Tal vez el punto de inflexión en la cultura pública de México fue el debate presidencial de la elección del 2000, cuando el candidato Vicente Fox, que tenía buen olfato para esas cosas, interrumpía los discursos de su contrincante priísta diciendo, simple y groseramente, ¡Hoy! ¡Hoy! ¡Hoy! O, peor, cuando el candidato Fox le dijo al candidato priísta Labastida La Vestida.

Así, la transición a la democracia inauguró un nuevo lenguaje público: el tuteo en entrevistas radiofónicas o televisadas, y el uso frecuente de groserías en la prensa (no sería fácil contar el número de veces en que comunicadores como Ciro Gómez Leyva, por poner un ejemplo, han publicado palabras como carajo, güey, o pendejada).

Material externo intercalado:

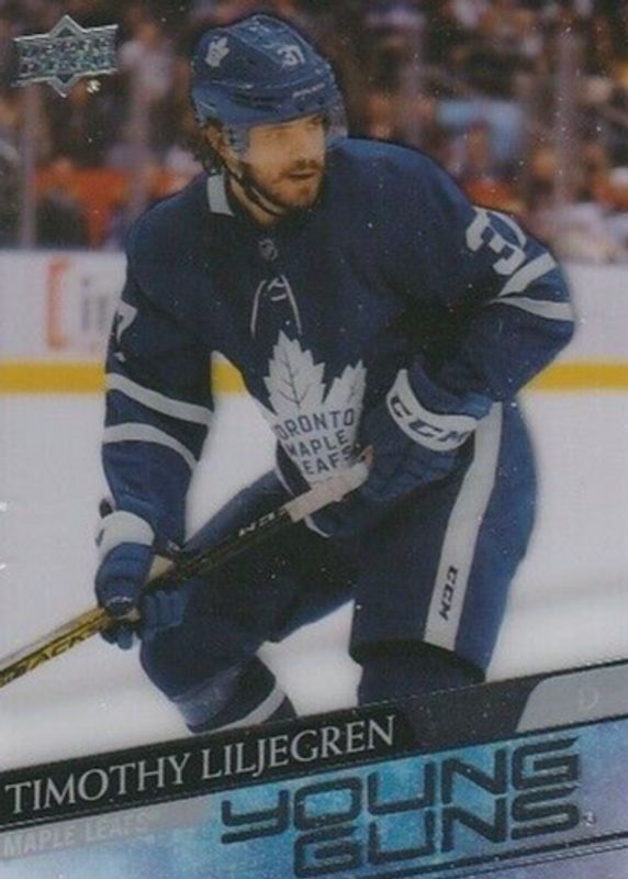 This card is 1 of 9 Timothy Liljegren's card variations in the 2020 Upper Deck set being tracked by Sports Card Investor, including Young Guns Base, Young Guns - Clear Cut Exclusives, Young Guns - French, Young Guns - Jumbo, and Young Guns - Silver Foil.

Al La Vestida de Fox correspondió Andrés Manuel López Obrador con su Cállate, chachalaca al presidente de la República. Las increpaciones groseras en la Cámara de Diputados se hicieron cosa cotidiana. Y así se fue deteriorando el lenguaje público.

El problema es el siguiente: la solemnidad del lenguaje oficioso del antiguo PRI era sin duda una práctica autoritaria, pero el lenguaje procaz tampoco facilita la práctica democrática. Esto se debe a que pide siempre que haya discusión. Pide razones y razonamientos. Pide, en otras palabras, respeto. No solemnidad en su modalidad de Mago de Oz priísta (o porfirista), pero tampoco la simple falta de respeto que se presenta, erradamente, el contrario de esa práctica autoritaria.

Una nueva cultura pública democrática pide tanto el respeto del sistema anterior, como la capacidad de nombrar la verdad subjetiva del sistema de comunicación actual. La crítica debe ser ofrecida con respeto e, idealmente, hasta con cariño. Y debe ser recibida con agradecimiento, por el esfuerzo que hace el compañero por hacer pública su alternativa.